Вскоре мне случилось уехать из Нью-Йорка. Меня уже давно приглашали погостить в свои загородные поместья разные заядлые охотники и прочие любители скачек и других видов спорта, так что в город я вернулся только через несколько месяцев. Конечно, я частенько вспоминал Корки, как-то у них там, уладилось ли все к общему согласию, и представьте себе, в первый же мой вечер в Нью-Йорке, заглянув в один из тихих кабачков, где я бываю, когда не манят яркие огни, я увидел там Мюриэль Сингер. Она сидела одна за столиком возле двери, а Корки, надо полагать, отлучился позвонить по телефону. Я разлетелся к ней.

– Кого я вижу! Ну, и как? Рассказывайте, рассказывайте!

– А, это вы, мистер Вустер. Очень рада.

– Корки здесь?

– Прошу прощения?

– Вы ведь Корки ждете?

– Я вас не сразу поняла. Нет, я жду не его.

Что-то такое послышалось мне в ее голосе, вроде бы «А это еще что за личность такая?»

– Как, неужели вы поссорились с Корки?

– Поссорились?

– Ну, размолвка у вас произошла, пустяковое недопонимание, оба погорячились, бывает, знаете ли.

– С чего вы взяли? Не понимаю.

– Тогда в чем дело? Раньше вы всегда с ним обедали перед тем, как идти в театр.

– Я оставила сцену.

И тут до меня дошло. Я совсем забыл, как долго меня не было в городе.

– Ну да, как же, понимаю! Вы вышли замуж.

– Да.

– Потрясающе! Желаю вам всяческого счастья.

– Большое спасибо. Александр, – произнесла она, глядя мимо меня, – это мой знакомый… мистер Вустер.

Я обернулся. Рядом стоял субъект с бобриком седых, упрямо торчащих волос и красной от избытка здоровья физиономией. Устрашающего вида детина, хотя сейчас настроен мирно.

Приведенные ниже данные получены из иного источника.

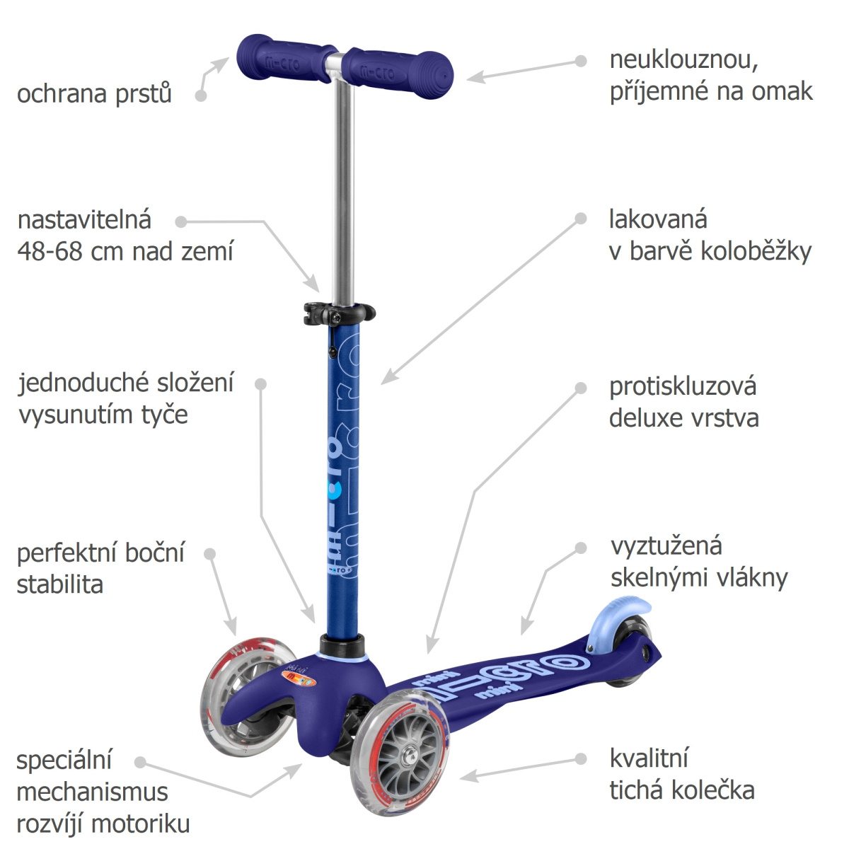 Dětská koloběžka Micro Mini DeLuxe byla vyvinuta ve spolupráci se švýcarskými lékařskými experty a je určená předškolním dětem ve věku cca od 2 do 5 let. koloběžka zlepšuje rovnováhu, koordinaci a motorické dovednosti, jež napomůžou k přechodu na kolo či jiné prostředky. Hlavními přednostmi je speciální patentovaný mechanismu, který zatáčí nakláněním řídící tyče a lehkým přenesením rovnováhy, výškově nastavitelná řídící tyč, vysoká stabilita pomocí 3 koleček a velice nízká váha.

– Мистер Вустер, познакомьтесь, пожалуйста, с моим мужем. Александр, мистер Вустер – друг Брюса.

Старикан с чувством стиснул мне руку, только поэтому я и не грянулся со всего маху на пол. Стены, пол и потолок заходили ходуном.

– Стало быть, вы, мистер Вустер, знаете моего племянника, – донесся до меня его голос. – Хорошо бы вам удалось хоть немного вправить ему мозги, чтобы он бросил эту свою дурацкую мазню. Впрочем, мне кажется, он и сам начал входить в разум. Я это заметил, дорогая, когда он в первый раз пришел к нам обедать и познакомился с тобой. Был такой тихий, серьезный. Как будто что-то уразумел. Мистер Вустер, вы не откажете нам в удовольствии отобедать сейчас с нами? Или вы уже обедали?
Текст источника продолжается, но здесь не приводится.